_DATA SEGMENT_

########

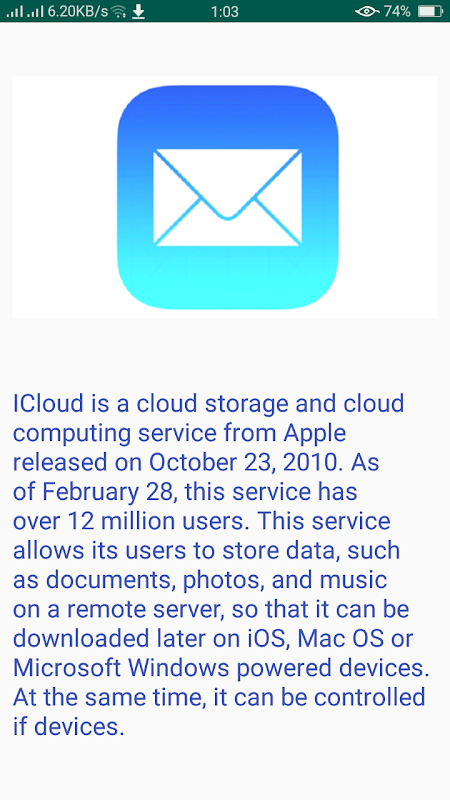 Six of these apps highlight the story of six renowned email service providers. The size of this app is 2.5 MB so the pages of the app will load faster. Can be used offline and online. The app has six buttons.
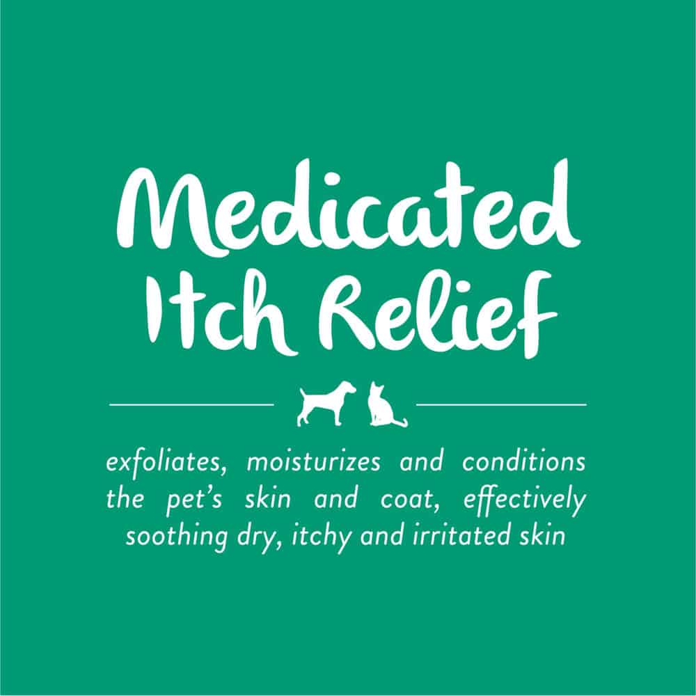 TropiClean Oatmeal & Tea Tree Medicated Itch Relief Dog & Cat Shampoo exfoliates, moisturizes and conditions you pet’s skin and coat, effectively soothing dry, itchy and irritated skin. The medicated formula is enhanced with beta hydroxy to help provide long lasting itch relief. TropiClean Pet Products are cruelty free
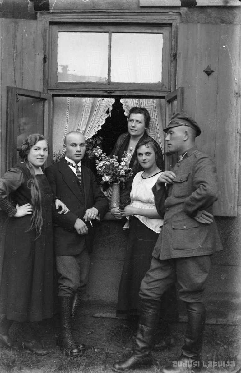 Zemgales Artilērijas pulka sakarnieks, seržants un fotogrāfs Andrejs Liepiņš ar izredzēto Elizabeti Ašamani (baltā blūzē) kopā ar draugiem Liepājā ap 1920. gadu.

########

_INSTRUCTIONS TO FOLLOW_
The output has to match the data above line for line, except that pictures are dropped.

_ANSWER AREA_
 Six of these apps highlight the story of six renowned email service providers. The size of this app is 2.5 MB so the pages of the app will load faster. Can be used offline and online. The app has six buttons.
 TropiClean Oatmeal & Tea Tree Medicated Itch Relief Dog & Cat Shampoo exfoliates, moisturizes and conditions you pet’s skin and coat, effectively soothing dry, itchy and irritated skin. The medicated formula is enhanced with beta hydroxy to help provide long lasting itch relief. TropiClean Pet Products are cruelty free
 Zemgales Artilērijas pulka sakarnieks, seržants un fotogrāfs Andrejs Liepiņš ar izredzēto Elizabeti Ašamani (baltā blūzē) kopā ar draugiem Liepājā ap 1920. gadu.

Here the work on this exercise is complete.